The ColourMask block performs a `pseudo-grouping' on a discrete 1/0 missing data mask to perform a set of numbered groups. The output is a time-frequency map in which each point is labelled with an integer label indicating the group to which it has been assigned. This map may be used as input to the multisource decoder.

The `pseudo-grouping' is based on locating and labelling contiguous regions of 1's in the missing data mask. Time-frequency points are considered contiguous if they are adjacent in either time or frequency (i.e. joined either `horizontally' or `vertically' but not `diagonally' in the 2-D time-frequency map). Each separated region is assigned a unique group number. As an option the missing data mask may be split into sub-bands which are treated independently when searching for contiguous regions.

The block may also perform additional group splitting based on optional pitch and voicing estimate inputs. If the voicing input is connected then groups will be split at frames where the voicing parameter crosses the VOICING_THRESHOLD (i.e. at such frames all existing groups will end and new groups will begin). If the pitch input is supplied then groups will also be split at voiced frames in which the pitch changes by more than the DELTA_PITCH_THRESHOLD. (If the voicing input is not connected then all frames will be treated as though they are voiced).

After the contiguous region grouping, a higher level of common onset/common offset grouping may be applied to the groups that have been located. In this case disconnected groups that start (or end) at the same time frame are merged into a common group.

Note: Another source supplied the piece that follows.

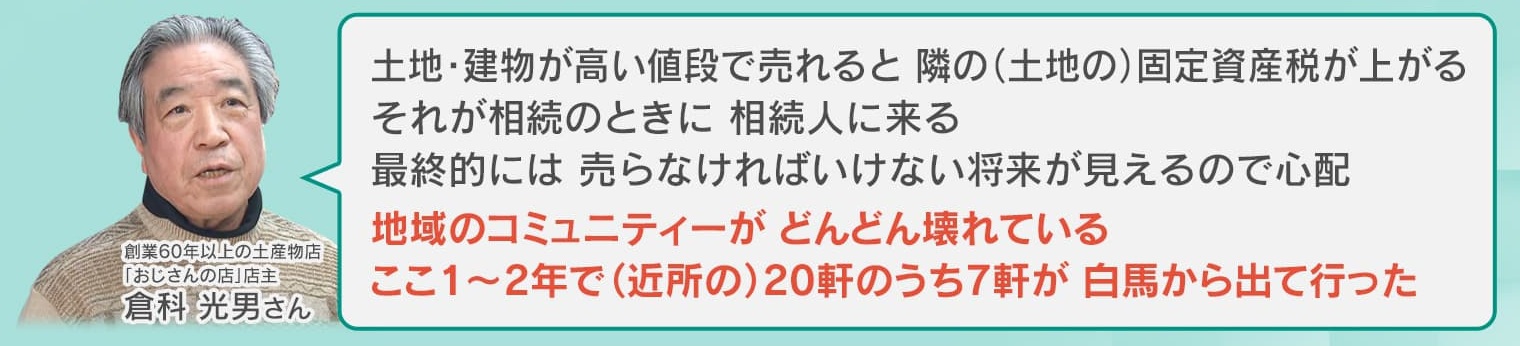 また、急激な地価の高騰などに対し、一部の住民からは戸惑いの声もあがっています。創業60年以上の土産物店『おじさんの店』店主・倉科光男さんは、「土地・建物が高い値段で売れると、隣の土地の固定資産税が上がる。それが相続のときに相続人に来る。最終的には売らなければいけない将来が見えるので心配。地域のコミュニティーが、どんどん壊れている。ここ1~2年で近所の20軒のうち7軒が白馬から出て行った」と話していました。

The grouping algorithm is controlled by the following 9 parameters:

WINDOW_SIZE
To perform an exact labelling of each separate contiguous region of 1's in the 1/0 mask is only possible if the entire mask is visible. However, CTK blocks are designed to run in an `online' mode where data output `keeps up with' data input i.e. the colouring block does not wait until the end of the utterance to produce its result. The algorithm operates on a window of the data (by default 5 frames) and the grouping decisions and output will lag behind the input by the size of this window. As the algorithm cannot look ahead further than the size of this window errors can occur if two groups that appear separate in the window merge at a later time. Increasing the size of the window will make these errors less likely at the expense of a greater lag time in the output.
ONSET_GROUPING
If set to TRUE then common onset grouping is applied to merge separate groups that happen to start at the same time frame.
OFFSET_GROUPING
If set to TRUE then common offset grouping is applied to merge separate groups that happen to end at the same time frame.
Offset grouping is a little more complicated than onset grouping as it is by nature retroactive - the decision to merge two groups can not occur until both groups have ended. This means that by the time the decision to merge occurs, data frames containing the beginning of the groups may have been passed through the analysis window and out of the block. Once part of a group has been passed out of the colour block its label cannot be changed. So, in the current implementation offset grouping is only applied if at the point of offset at least one of the two groups has an onset within the analysis window (i.e. the group is fully contained within the window).
MIN_GROUP_SIZE
Missing data masks typically contain `speckled' regions which will be interpreted by the grouping algorithm as large numbers of groups each containing very few points. This proliferation of groups can cause performance problems during multisource decoding. As a way of avoiding this groups containing less than MIN_GROUP_SIZE time-frequency points are automatically merged into a common group. This group is always given the label `1'.
Note, if MIN_GROUP_SIZE is 1 or less then the feature has no effect.
MAX_GROUP_SIZE
If this feature is used then groups are allowed to grow from frame to frame only up to a maximum size of MAX_GROUP_SIZE points. At the first frame where MAX_GROUP_SIZE is exceeded the group is terminated and a new group is started (i.e. large groups are sliced up into short segments).
The feature is disabled when MAX_GROUP_SIZE is set to 0.
NUM_SUBBANDS
If NUM_SUBBANDS is set greater than 1 then the input data frames are divided up into subbands of equal width and the grouping algorithm is applied independently within each band. The full band labelling data is reconstituted from the parallel subband labellings on output.
HAS_DELTAS
The HAS_DELTAS switch has to be set so the block knows how to interpret the input data.
If the input missing data mask has deltas then HAS_DELTAS should be set to true. In this case the the grouping algorithm will be applied only to the non-delta features (i.e. the features with the lower half of the frame). Points in the delta mask (i.e. the upper half of the frame) will then be labelled with the group number of the corresponding non-delta spectro-temporal points.
VOICING_THRESHOLD
This is used in conjunction with the optional voicing input. If the voicing input crosses the voicing threshold then the voicing state changes and groups will be split.
DELTA_PITCH_THRESHOLD
This is used in conjunction with the optional pitch input. If the pitch input changes from one frame to the next by more than the delta pitch threshold, then groups will be split.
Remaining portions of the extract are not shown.